Abuse exists in various forms, it can be verbal, physical or mental. Often, different forms of abuse overlap. Living in lockdown would be easy if our families were all perfect, but most of them aren’t. Often, abusers are people who live in our safe spaces and create trauma in our lives when we least expect it. Physical abuse in the house can lead to mental abuse at the same time. Since the teenager is financially dependent on the parent, he/she may not have any alternative but to deal with it during the lockdown.
The movie “Thappad” had a deep impact on society because it reflected on the plight of women who live with abusive men. While women who undergo abuse by men sympathize with other women, they do not sympathize with children at the same level in Indian society. Child abuse at home is not openly discussed in society. Even progressive parents do not apologize to children for hitting them, often claiming a right on their child (only if they were educated enough to know child rights), and claiming to do it for the betterment of the child.

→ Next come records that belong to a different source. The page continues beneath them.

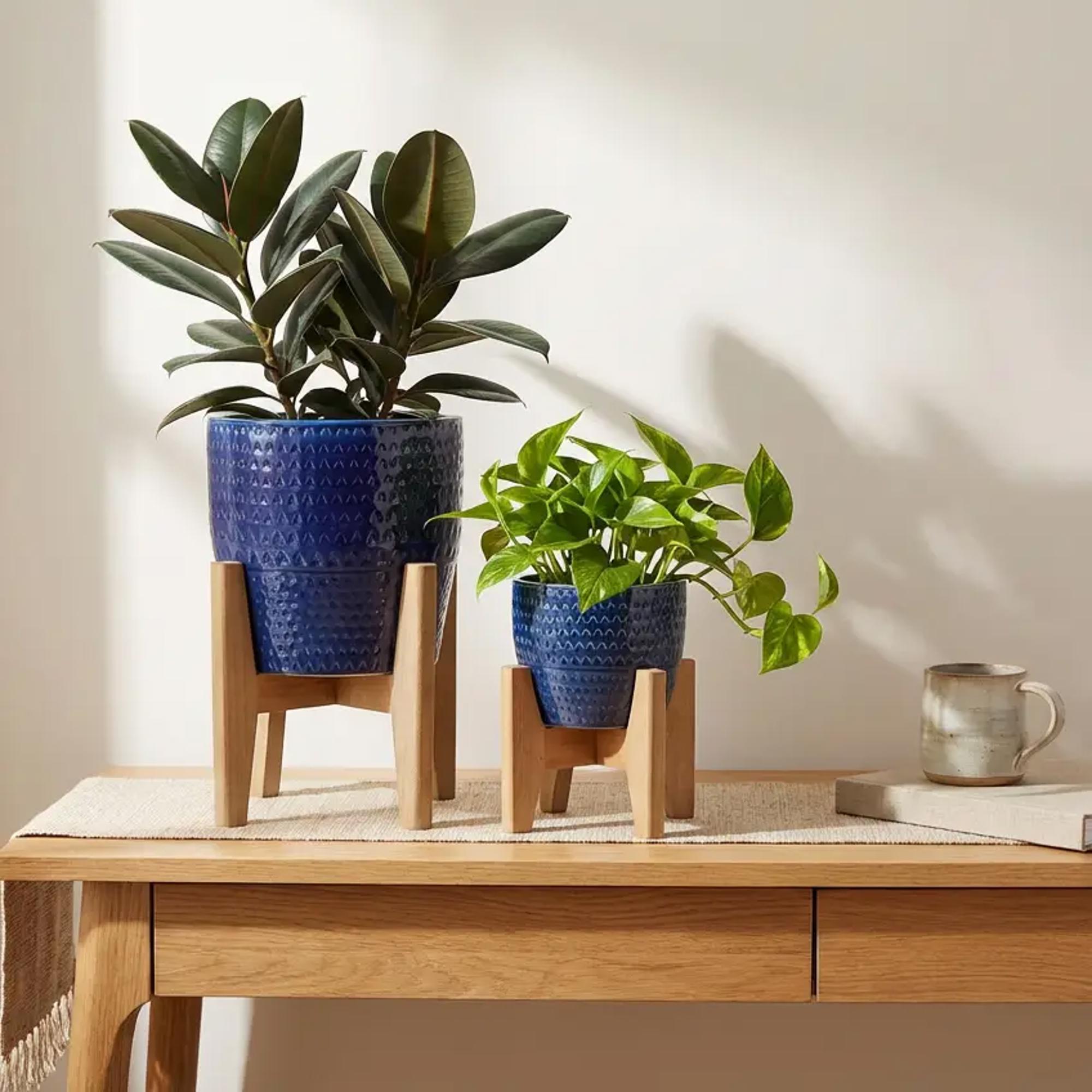 Bring bold, modern style to any space with this Set of 2 Blue Textured Ceramic Planters with Wooden Stands. Featuring a rich navy glaze and an embossed geometric pattern, these planters add depth and visual interest to your plant displays. Each planter includes a sturdy natural wooden stand, offering height, stability, and a clean, contemporary look.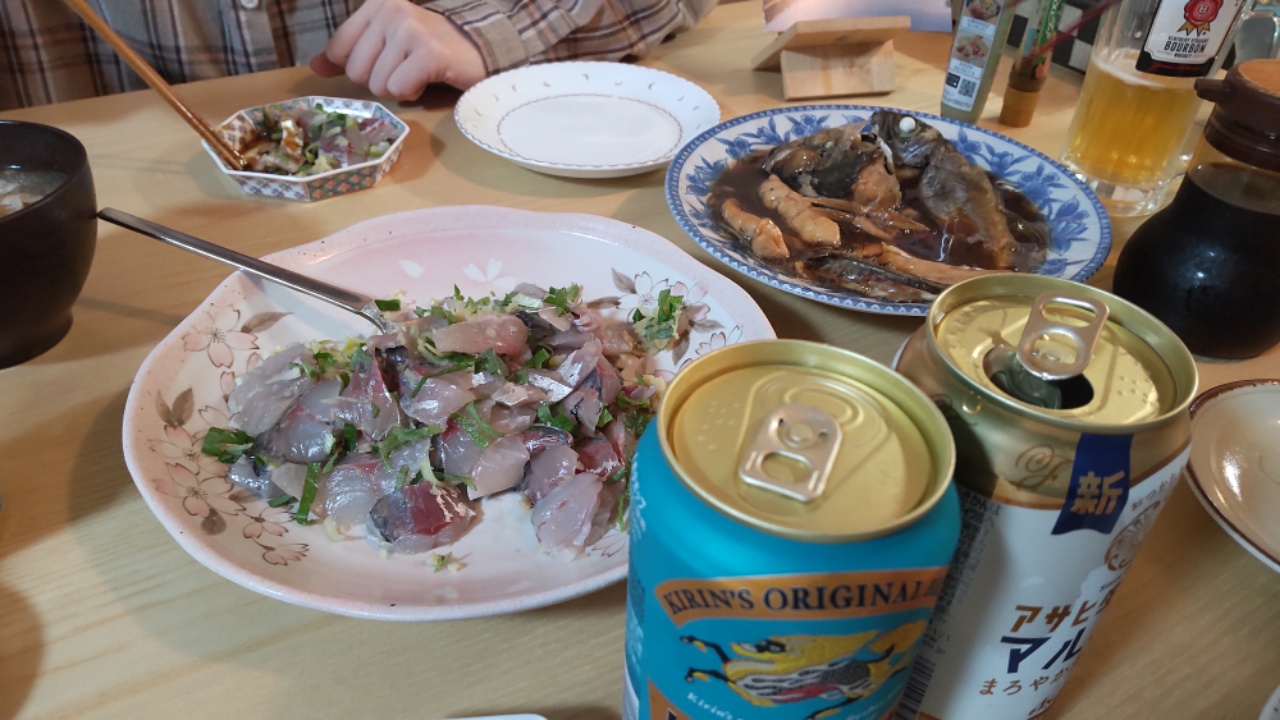 釣果を聞くと、トップは42匹。まんすりーさんのお隣のおばちゃんで、どうやら常連さん。続いて40匹。せんばたちは20匹ちょいでまあ平均かな?って感じです。季節的にも厳しい釣りを予想していたので、満足しつつ、次回はお祭り対策を考えようと話しながら帰ってきました。16時過ぎには家に戻ったのでそこから3時間で処理を頑張って終わらせました。食べると脂も乗っており、走水のアジ、これは次回もアリ!という二人の結論でした。次は恒例の5月後半からの房総イサキ。またまた電動リールの活躍が期待されます。今回もまんすりーさん、お世話になりました。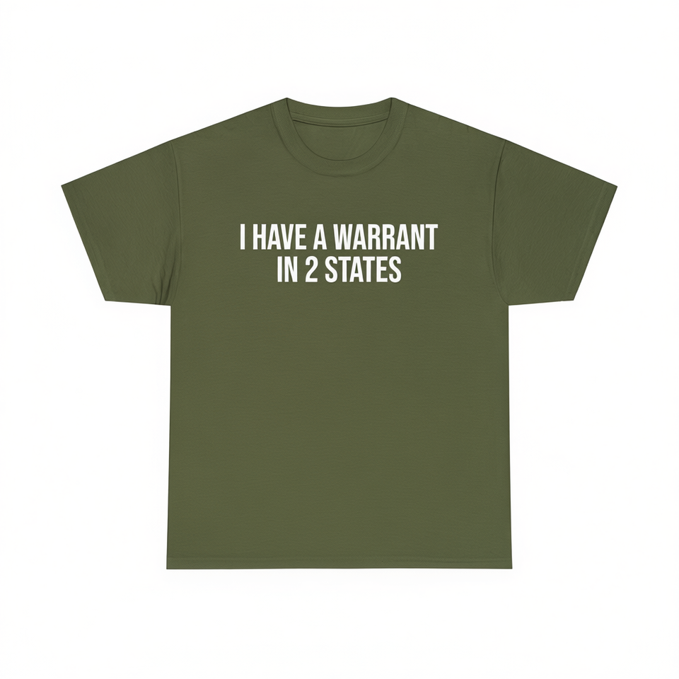 T-shirt con scritta 'I Have A Warrant In 2 States', maglietta divertente con meme, regalo scherzoso, maglietta scherzosa.

Physical abuse leads to a reduction of self-confidence in children, and also makes children conscious about themselves leading to several insecurities and mental health issues in the long run. While many women discuss the mental health issues their patriarchal husbands caused in their lives, very few women are able to take ownership of the negative way in which they impacted their child’s mental health. According to “All about love” by Bell Hooks, the man has a toxic agency over the women in a patriarchal household, and a woman has a toxic agency over the children. There is no love in such families since the only desire among both parents is to dominate. The only form of communication is aggression, and this leads to lovelessness in most families.
When people don’t find love in their homes, they tend to find love elsewhere. However, in situations like lockdown, where the only people you can love are the people you live with, can be toxic because of the lovelessness and loneliness you feel. It is harder to stand up for oneself during the lockdown and fight situations which cause trauma. For overthinkers, distractions would help in keeping the mind off the trauma and not interacting with the person who caused it could be healing. However, during lockdown, there are no bars to drown sorrows, no malls to shop distractions at, no restaurants to escape sitting on the dinner table with abusers, no friends to make you forget the lovelessness which exists in life. Living with a toxic parent is even more toxic, even if it doesn’t lead to suicide, it sure kills a part of you which is fearless within.
Even families where children are blessed with a good education can be toxic. This turns the children cold and insensitive many times and impacts their ability to love in the future. Abused children often grow up believing that they are not deserving of love and this affects their image of themselves during relationships. Various children who were abused end up in toxic relationships because they do not know any other kind of love since childhood. Even during the lockdown, girls are more vulnerable than boys for abuse. Boys who have already developed an independent mindset are often feared by their parents of abandonment, however, parents often exploit the societal expectations and oppressions on girls, and abuse them further. In Indian families, the agency which a parent has on a girl child is much more than that on a boy child, leading to higher levels of abuse among girl children.
Low levels of education and toxic societal ideas about child-rearing are the prime cause of abuse. Many parents who are merely frustrated by the lockdown take it out on their kids. Parents who need help must seek out therapists instead of using their children as punching bags to release their frustration. If any child undergoes abuse, they must reach out to someone from their extended family and speak to them about it. For anyone who needs to hear this – no one in this world has a right to raise their hand on you, no matter how old you are. Do reach out to someone. To parents who are abusive – you are doing a grave injustice to your kids in the long term.